Un tipo es una persona, suceso o institución histórica real del Antiguo Testamento que Dios ordenó deliberadamente para prefigurar un cumplimiento mayor — el antitipo — en el Nuevo. El tipo es genuinamente él mismo; no es una mera decoración ni un símbolo. Adán fue un hombre real. El cordero de la Pascua fue un animal real. El Día de la Expiación fue un servicio efectivo realizado cada año en una tienda efectiva. Pero cada una de estas realidades también apuntaba hacia adelante — diseñada por Dios para enseñar a Su pueblo el evangelio por medio de un ensayo de mil años antes de que llegara la sustancia.

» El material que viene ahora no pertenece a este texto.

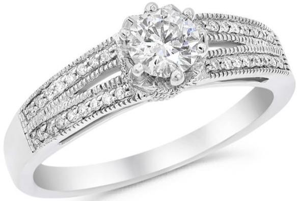 14KT WHITEGOLD FRIENDSHIP PROMISERING. 3D SOLITAIRE FILIGREE MILGRAINDESIGN. DIAMONDS ARE F/G COLOR, VSSI CLARITY. CENTER DIAMOND IS .43 CARATS. SIDE DIAMONDS ARE .13CARATS.RING SIZE 7. CAN BE SIZED BY OUR MASTER JEWELER UPON REQUEST. WRITTEN APPRAISAL AVAILABLE. COMES IN A PRESENTABLE GIFT BOX.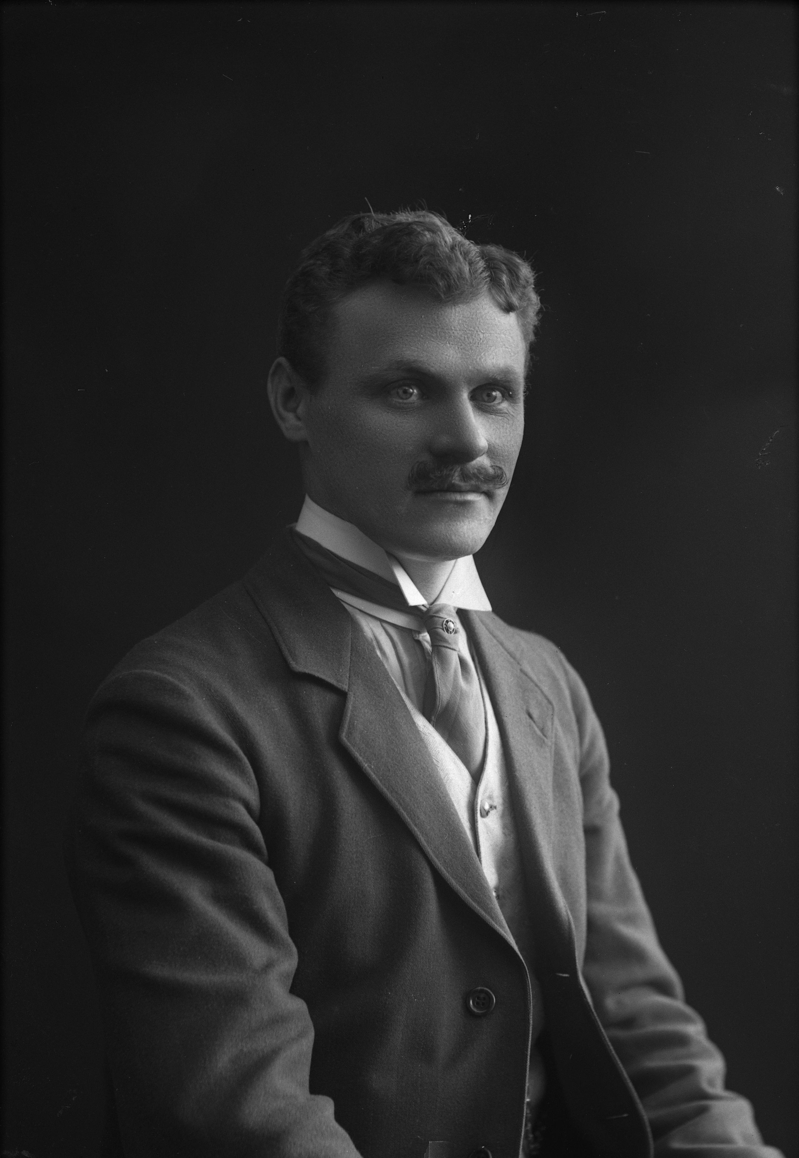 Porträtt i halvfigur av tapetserare Schlyter.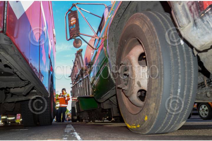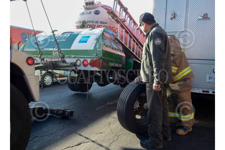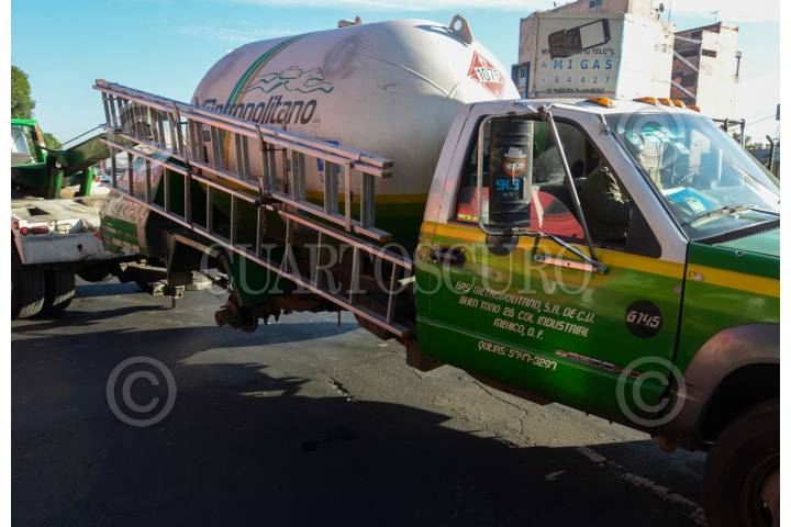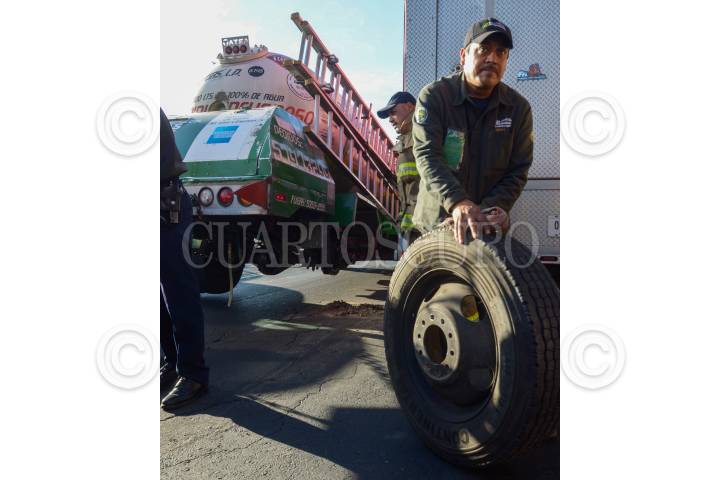 MÉXICO, D.F., 28ENERO2015.- La llanta trasera de una pipa se salio cuando circulaba en la av Tlalpan a la altura de Xola golpeando a una mujer y un microbus. FOTO: ARMANDO MONROY /CUARTOSCURO.COM

Este es el testimonio de la Escritura misma. Pablo escribe de Adán que fue «figura del que había de venir» (Romanos 5:14). De los israelitas en el desierto dice:

Y estas cosas les acontecieron en figura; y son escritas para nuestra admonición, en quienes los fines de los siglos han parado.
1 Corintios 10:11, RV1909

El autor de Hebreos insiste repetidamente en que el sacerdocio y el santuario «sirven de bosquejo y sombra de las cosas celestiales» (Hebreos 8:5).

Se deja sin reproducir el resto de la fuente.